▶ **Required work**: What is needed is an exact copy of every entry below, minus the images.

(Beginning of Input data)

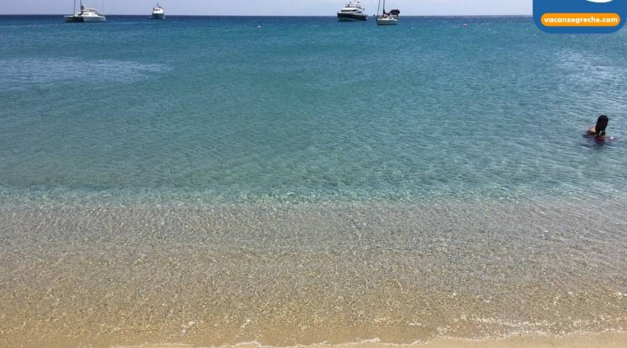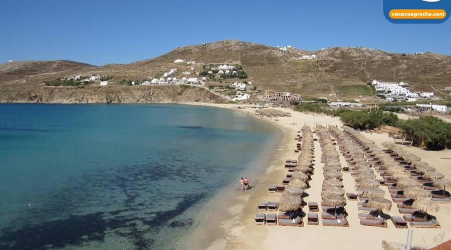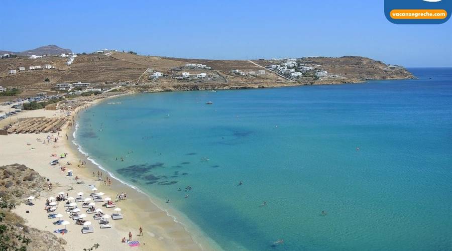 This beach is, according to many, one of the most beautiful on Mykonos. It can be reached either by private transport (there is ample free parking) or by public bus.
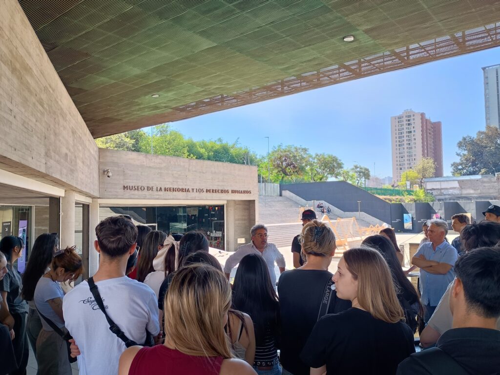 La jornada culminó en el Museo de la Memoria y los Derechos Humanos, obra de los arquitectos brasileños Mario Fuks, Lucas Fehr y Sebastián Tesch, inaugurada en 2010. El edificio se distingue por su volumen principal suspendido de vidrio y cobre, que articula salas de exposición, archivos y zonas de encuentro en un recorrido que combina sobriedad material y amplitud espacial. Al recorrido por el museo se sumaron el vicedecano de Docencia, Rodrigo Aguilar, y el representante del Centro de Estudiantes de Arquitectura USACH, Vicente Navarro.
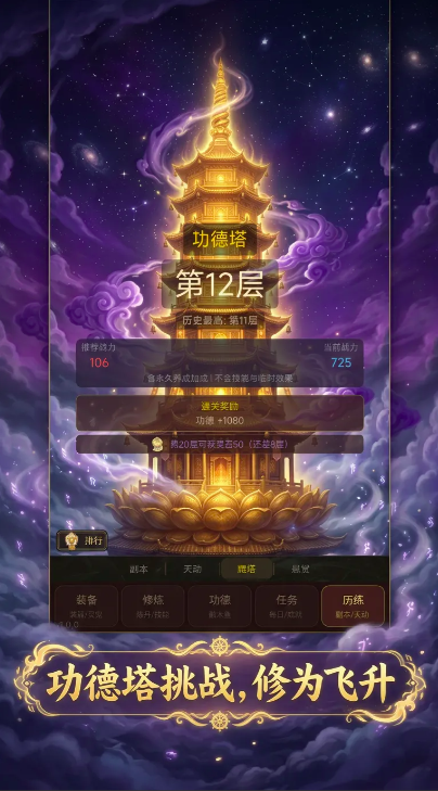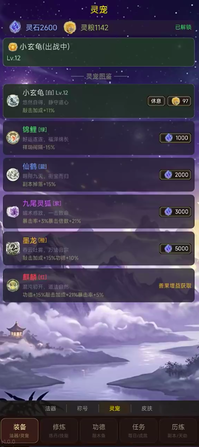 “功德塔”挑战模式进一步丰富了成长维度,助力玩家高效达成飞升目标。游戏深度优化离线机制——即使退出应用,功德值仍可持续累积;日常任务周期清晰、奖励明确,资源获取路径直观高效。宠物系统共设六类高品质灵宠,包括锦鲤、九尾灵狐等经典形象,支持自由选择与定向培养,增强修仙旅程的陪伴感与策略性。
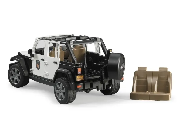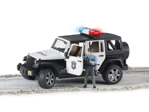 Bruder Jeep Wrangler Rubicon Police vehicle with police officer and accessories toy BRUDERs produktsortiment er meget omfattende. Talrige køretøjer til byggeri, beredskab, erhvervskøretøjer, fritid, landbrug og skovbrug er værdsat verden over takket være deres spændende legetøjsverdener i en skala fra 1:16. Ligesom i det normale liv betyder en stigende mængde af BRUDER-køretøjstrafik, trafikovertrædelser er stigende. Af denne grund har bworld nu også en politistyrke til at håndhæve lov og orden. Servicebilen er baseret på den velkendte Jeep Wrangler Unlimited, og den har det tiltalende og slående farvedesign, der er typisk i USA, samt et havariblinkmodul monteret på taget. Jeep Wrangler Unlimited Rubicon er designet som et politikøretøj, og det giver utallige funktioner, der muliggør næsten ubegrænset sjov og leg. Ud over det todelte, aftagelige segmenttag åbnes motorhjelmen, bagdøren og alle fire sidedøre. Det siger sig selv, at køretøjet giver plads nok til fire BRUDER bworld-figurer. Alternativt kan bagsædet fjernes for at skabe plads til tilbehør, der er kompatibelt med BRUDER standardstik i læsseområdet. Det ekstra trækled er beregnet til at lette styringen gennem taglugen, og hvis det ikke er nødvendigt, kan det opbevares i køretøjets undervogn. Akslerne har typisk terrængående køretøjsophæng og slidbanedæk med hjul i tiltalende SUV-design. Frontgrænsefladen, der er velegnet til emner, herunder det valgfrit tilgængelige kabelspil og den aftagelige trækstangskobling, betyder, at der er ubegrænsede muligheder for forbedringer i BRUDERs verden. Politiudgaven af Jeep-modellen har et nyudviklet lys- og lydmodul med fire funktionelle knapper (1. motorlyd, 2. politisirene, 3. brandvæsenets sirene, 4. yep-signal). bworld politibetjenten er fuldt udstyret til at forstærke autoriteten. Taljebæltet har vigtige redskaber til det daglige politiarbejde, såsom lommelygte, radioenhed og kniple.
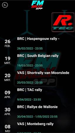 De FM rally APP is dé gratis mobiele applicatie die elke Belgische rallysupporter móét downloaden! Deze rally APP houdt de doorwinterde rallyfan live op de hoogte van resultaten, nieuws, videos, ... voor- tijdens- en na de rallywedstrijd!

(End of Input data)

▶ **Answer**:
 This beach is, according to many, one of the most beautiful on Mykonos. It can be reached either by private transport (there is ample free parking) or by public bus.
 La jornada culminó en el Museo de la Memoria y los Derechos Humanos, obra de los arquitectos brasileños Mario Fuks, Lucas Fehr y Sebastián Tesch, inaugurada en 2010. El edificio se distingue por su volumen principal suspendido de vidrio y cobre, que articula salas de exposición, archivos y zonas de encuentro en un recorrido que combina sobriedad material y amplitud espacial. Al recorrido por el museo se sumaron el vicedecano de Docencia, Rodrigo Aguilar, y el representante del Centro de Estudiantes de Arquitectura USACH, Vicente Navarro.
 “功德塔”挑战模式进一步丰富了成长维度,助力玩家高效达成飞升目标。游戏深度优化离线机制——即使退出应用,功德值仍可持续累积;日常任务周期清晰、奖励明确,资源获取路径直观高效。宠物系统共设六类高品质灵宠,包括锦鲤、九尾灵狐等经典形象,支持自由选择与定向培养,增强修仙旅程的陪伴感与策略性。
 Bruder Jeep Wrangler Rubicon Police vehicle with police officer and accessories toy BRUDERs produktsortiment er meget omfattende. Talrige køretøjer til byggeri, beredskab, erhvervskøretøjer, fritid, landbrug og skovbrug er værdsat verden over takket være deres spændende legetøjsverdener i en skala fra 1:16. Ligesom i det normale liv betyder en stigende mængde af BRUDER-køretøjstrafik, trafikovertrædelser er stigende. Af denne grund har bworld nu også en politistyrke til at håndhæve lov og orden. Servicebilen er baseret på den velkendte Jeep Wrangler Unlimited, og den har det tiltalende og slående farvedesign, der er typisk i USA, samt et havariblinkmodul monteret på taget. Jeep Wrangler Unlimited Rubicon er designet som et politikøretøj, og det giver utallige funktioner, der muliggør næsten ubegrænset sjov og leg. Ud over det todelte, aftagelige segmenttag åbnes motorhjelmen, bagdøren og alle fire sidedøre. Det siger sig selv, at køretøjet giver plads nok til fire BRUDER bworld-figurer. Alternativt kan bagsædet fjernes for at skabe plads til tilbehør, der er kompatibelt med BRUDER standardstik i læsseområdet. Det ekstra trækled er beregnet til at lette styringen gennem taglugen, og hvis det ikke er nødvendigt, kan det opbevares i køretøjets undervogn. Akslerne har typisk terrængående køretøjsophæng og slidbanedæk med hjul i tiltalende SUV-design. Frontgrænsefladen, der er velegnet til emner, herunder det valgfrit tilgængelige kabelspil og den aftagelige trækstangskobling, betyder, at der er ubegrænsede muligheder for forbedringer i BRUDERs verden. Politiudgaven af Jeep-modellen har et nyudviklet lys- og lydmodul med fire funktionelle knapper (1. motorlyd, 2. politisirene, 3. brandvæsenets sirene, 4. yep-signal). bworld politibetjenten er fuldt udstyret til at forstærke autoriteten. Taljebæltet har vigtige redskaber til det daglige politiarbejde, såsom lommelygte, radioenhed og kniple.
 De FM rally APP is dé gratis mobiele applicatie die elke Belgische rallysupporter móét downloaden! Deze rally APP houdt de doorwinterde rallyfan live op de hoogte van resultaten, nieuws, videos, ... voor- tijdens- en na de rallywedstrijd!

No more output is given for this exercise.